Середины я не знаю: за всю мою жизнь в отношениях с натурами властными, твёрдыми, противоположными моей собственной, я никогда не знавала середины между полной покорностью и решительным бунтом. Я всегда преданно держалась одной — вплоть до той самой минуты, когда с силой, порой вулканической, взрывалась другим; и поскольку ни нынешние обстоятельства не оправдывали мятежа, ни моё нынешнее настроение к нему не склоняло, я тщательно повиновалась указаниям Сент-Джона; и через десять минут уже ступала рядом с ним по дикой тропе теснины.

Ветер дул с запада: он шёл через холмы, напоённый ароматами вереска и осоки; небо было безупречно-синим; ручей, сбегавший по ущелью, вздувшийся от весенних дождей, струился обильно и чисто, ловя золотые отблески солнца и сапфировые оттенки небосвода. Когда мы двинулись дальше и оставили тропу, под ногами у нас лёг мягкий дёрн, тонкий, как мох, изумрудно-зелёный, тончайшей эмалью расписанный крохотным белым цветком и усыпанный жёлтыми, звездообразными соцветиями: холмы же тем временем совсем сомкнулись вокруг нас, ибо теснина, к вершине своей, вилась в самую их сердцевину.

— Отдохнём здесь, — сказал Сент-Джон, когда мы достигли первых разбредшихся из целого батальона камней, что охраняли некое подобие прохода, за которым ручей низвергался водопадом; и где, ещё немного дальше, гора сбрасывала дёрн и цветы, имела одеянием лишь вереск, а самоцветом — утёс, — где дикое переходило в свирепое, а свежее сменялось хмурым, — где хранилась последняя надежда одиночества и последнее прибежище тишины.

Я села: Сент-Джон встал подле меня. Он глядел вверх по проходу и вниз по лощине; взор его блуждал вслед за ручьём и вновь возвращался, чтобы обежать безоблачное небо, окрашивавшее воды. Он снял шляпу, позволил ветру шевелить свои волосы и целовать чело. Казалось, он был в единении с духом этого места; взглядом своим он прощался с чем-то.

— И я увижу это вновь, — произнёс он вслух, — в снах, когда буду спать у Ганга; и снова — в час более отдалённый, когда иная дремота одолеет меня, — на берегу потока ещё более тёмного!

Странные слова странной любви! Страсть сурового патриота к отчизне своей! Он сел; целых полчаса мы не проронили ни слова: ни он мне, ни я ему. Когда этот промежуток истёк, он вновь заговорил:

— Джейн, я отбываю через шесть недель; я заказал себе место на судне Ост-Индской компании, которое отплывает двадцатого июня.

— Господь защитит вас, ибо вы взялись за Его дело, — отвечала я.

— Да, — сказал он, — в этом моя слава и радость.
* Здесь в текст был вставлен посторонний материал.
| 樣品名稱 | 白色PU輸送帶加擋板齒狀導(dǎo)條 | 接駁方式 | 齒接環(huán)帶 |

Я слуга непогрешимого Владыки. Я иду не под водительством человеческим, не подвластный ущербным законам и заблуждающемуся управлению слабых, подобных мне червей: мой царь, мой законодатель, мой военачальник — Всесовершенный. Мне странно, что не все вокруг меня горят желанием встать под то же знамя, примкнуть к тому же предприятию.
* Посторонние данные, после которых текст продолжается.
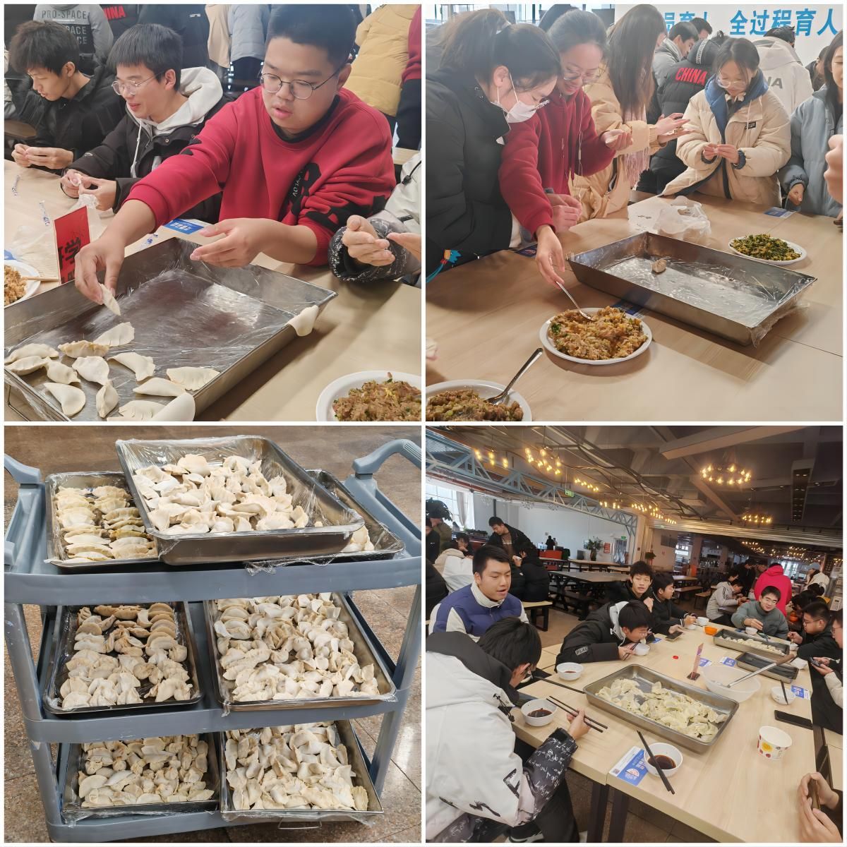 组织部分班级于翡翠湖校区二食堂开展“弘扬传统,情暖冬至”冬至包饺子活动,100余学生主动报名参与。

— Не все обладают вашими силами, и было бы безрассудством для слабого желать идти в ногу с сильным.

— Я говорю не со слабыми и не о них помышляю: я обращаюсь лишь к тем, кто достоин этого дела и способен его исполнить.

— Такие немногочисленны, и их трудно отыскать.

— Вы говорите правду; но, найдя их, должно их пробудить — побуждать и увещевать к усилию — показать им, каковы их дарования и для чего они даны, — прошептать им на ухо весть Небес, — предложить им, прямо от Бога, место в рядах Его избранных.

— Если они и вправду годны для этой задачи, разве не собственные их сердца первыми возвестят им об этом?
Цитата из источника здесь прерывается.